“A Star Is Born” Shows Audiences Love to Get Their Hearts Broken
From "Casablanca" to "Call Me by Your Name," fans prefer sad endings.
Lady Gaga’s new “A Star Is Born” is about to hit theaters, telling a love story full of pain and disappointment and tears.
And that’s not a spoiler. That’s a selling point.
The latest version of a Hollywood classic, it’s about one star ascending into the stratosphere while another falls to earth. And it’s absolutely guaranteed to leave yet another generation of fans sobbing in theaters.
That’s good — and not just for those who own stock in Kleenex.
Because the best movie romances aren’t the ones that fade out on a happily-ever-after.

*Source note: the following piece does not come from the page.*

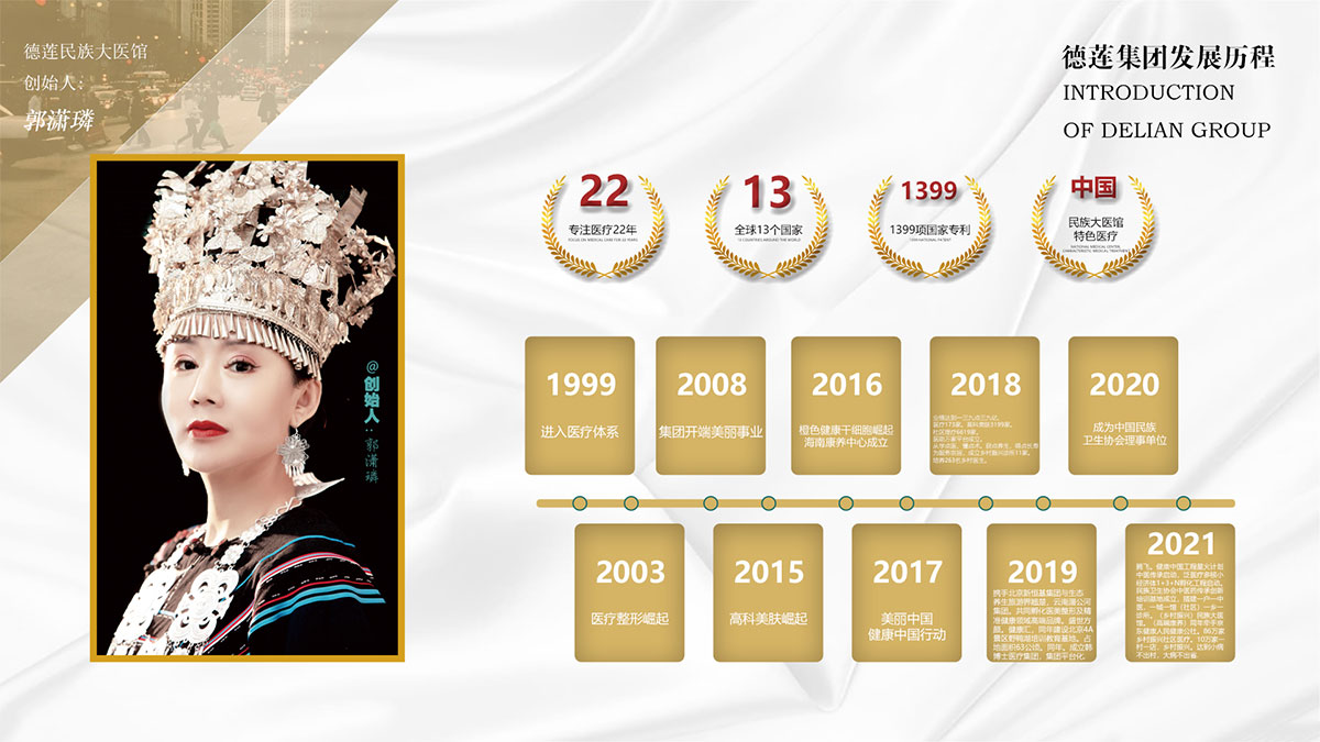 德莲医疗集团由郭潇璘女士与13位、国医大师以及医学博士企业家、联合创立,起源中国,服务世界。

They’re films about what goes wrong in a relationship, dramas about people who are anything but made for each other. They’re stories about the way things fall apart, the true loves that don’t last.
Because those are the love stories that do last.
Shakespeare knew that: Romeo and Juliet, Antony and Cleopatra, Hamlet and Ophelia – not a lot of happy endings there. That’s one of the reasons those stories have survived. Love is a gamble, and you only appreciate that when you’re reminded of what you can lose when you go all in.
Of course, Hollywood’s always been a little resistant to feel-bad endings. The secret to success, insiders say, is a movie that sends you out of the theater happier than when you went in.
But even dry-eyed moguls know that, sometimes, what we really want — really need — is a good cry.
Classic movie love stories provide that. And if you have any doubt, just try to imagine your favorite big-screen romance — but with a new, upbeat ending instead of its reach-for-the-tissues finale.
Ask yourself: Would you love “Gone With the Wind” more if it faded out with Clark Gable saying “Frankly, my dear — of course I forgive you. Now, what’s for breakfast?”
Or if Humphrey Bogart told Ingrid Bergman “We’ll always have Casablanca” – and then took her on that plane to Lisbon, leaving Victor Laszlo standing there with Captain Renault?
Or if “Now, Voyager” concluded with Bette Davis sharing Paul Henreid’s cigarette — and the name of a really great divorce lawyer so he could finally get out of that awful marriage?
“Dr. Zhivago.” “The Way We Were.” “Titanic.” There’s a reason those films still thrill. And it’s not because their last shot was of two happy lovers holding hands and walking off into the sunset.
Frankly, even a romantic comedy is better if it’s bittersweet. The best thing about “Annie Hall” — apart from the fact that you could still watch Woody Allen in it without feeling a little sick — was that it ended with Allen and Diane Keaton realizing sometimes love isn’t enough.
What made “(500) Days of Summer” feel fresh — apart from that dynamite Hall and Oates musical number — was Joseph Gordon-Levitt’s discovery that this manic pixie dream girl was not going to change his life after all. (And the probability of him still repeating the same mistake.)
And it’s that willingness to go for the downbeat that makes movies like these linger while other, cheerier, cheesier rom-coms fade.
Which isn’t to say we only want unhappy love stories. It’s occasionally nice to be reminded that courtship can go beyond a swipe or two on Tinder, to be assured that connections can last beyond that one, awkward, morning-after brunch.
It’s also particularly important to the LGBT community, whose relationships rarely get big-movie respect. That’s changed a bit, recently. But, really, do all the new gay love stories still have to be so unhappy?
Couldn’t the women in “Blue Is the Warmest Color” find a way to make it work? Did Armie Hammer really have to dump Timothee Chalamet in “Call Me by Your Name”? Does the hopeless heartbreak of “Brokeback Mountain” have to be the new gay-movie template?
Sometimes a little positivity isn’t a bad thing.
Still, as the perpetually-unlucky-in-love Dorothy Parker once wrote, “Lips that taste of tears, they say, are the best for kissing.” And every so often it takes the bitterness in sweet-and-sour love stories to remind us of how delicious romance really can be.
Movies like “A Star Is Born” (and “La La Land,” and “Moonlight” and “The Fault in Our Stars”) prove how precious relationships are, because they show us how fleeting they can be. And, if we are lucky enough to happen to be in one, they encourage us to appreciate that gift — and, maybe, hold onto that person just a little tighter.